Leidos Holdings Reports Q4 2025 Earnings: Revenue Misses, EPS Beats Estimates

LDOS
February 17, 2026

Leidos Holdings Inc. reported fiscal 2025 fourth‑quarter revenue of $4.21 billion, a 4% year‑over‑year decline, and diluted earnings per share of $2.76, beating the consensus estimate of $2.66 by $0.10 or 3.8%. Adjusted EBITDA rose to $556 million, giving the company a 13.2% margin that is 9% higher than the same quarter a year earlier.

The revenue decline is largely attributable to a six‑week federal government shutdown that cut contract work and an extra work week in the prior year that inflated the previous quarter’s revenue. When adjusted for these timing effects, management indicated that revenue would have grown roughly 4% year‑over‑year, aligning with the company’s own guidance for the year.

The EPS beat reflects disciplined cost management and margin expansion. Adjusted EBITDA margin grew to 13.2%, a 160‑basis‑point improvement from the prior year, driven by higher‑margin contracts and operational efficiencies that offset the revenue shortfall. The company’s backlog of $49.03 billion provides a cushion for future earnings stability.

Leidos reiterated its fiscal 2026 outlook, projecting revenue of $17.5 billion to $17.9 billion and adjusted EPS of $12.05 to $12.45. The guidance range is consistent with the company’s prior forecast, indicating confidence in continued growth despite the Q4 revenue miss. The company’s backlog and ongoing acquisitions, such as the purchase of Entrust, support the outlook for sustained demand.

In early trading, the stock fell between 3% and 5%, a reaction that investors attributed to the revenue miss and the cautious forward guidance. The market’s focus on top‑line performance outweighed the positive earnings beat, underscoring the importance of revenue growth to investors.

Management emphasized resilience and confidence in the company’s strategy. CEO Tom Bell highlighted the team’s ability to navigate challenges, while CFO Stuart Davis noted that the company is guiding to mid‑13% adjusted EBITDA margin in 2026, reflecting a normalization of one‑time benefits and a commitment to cost discipline.

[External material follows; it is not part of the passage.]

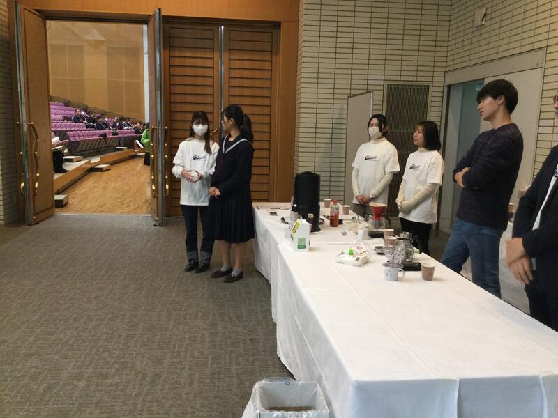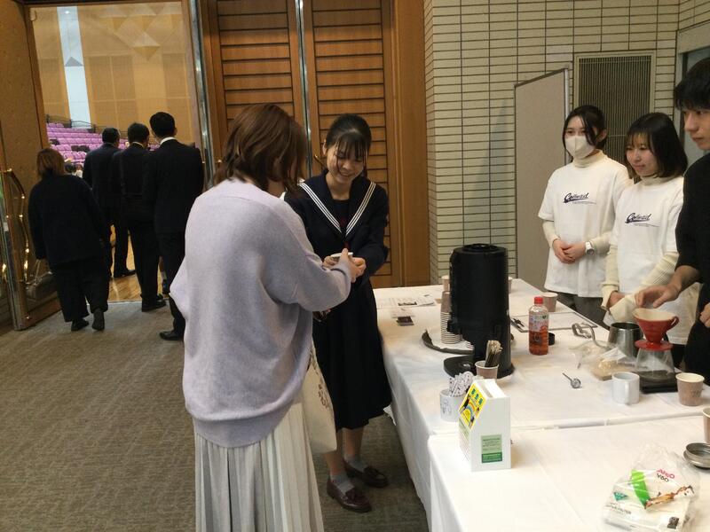 この期間の初日に当たる11月25日(土)に、ホテル熊本テルサで上記のシンポジウムが開催され、生徒会2年生の木下さんが参加しました。木下さんは熊本大学の犯罪被害者支援大学生ボランティア「くすの輪」およびコーヒー研究会の学生の皆さんと一緒に、来場者の方々にコーヒーを無料提供するボランティア活動を行ったほか、本校の創立120周年記念のTAMACOFFEE製造にご協力いただいたカーメストコーヒーショップの深迫祥子さんの講演会にも参加しました。

The results illustrate a mixed picture: strong profitability and margin expansion on one hand, and a headline revenue decline on the other. The company’s ability to maintain earnings while facing headwinds suggests operational resilience, but the revenue miss signals potential pressure on future growth. Investors will likely monitor how Leidos balances cost control with revenue expansion as it moves into 2026.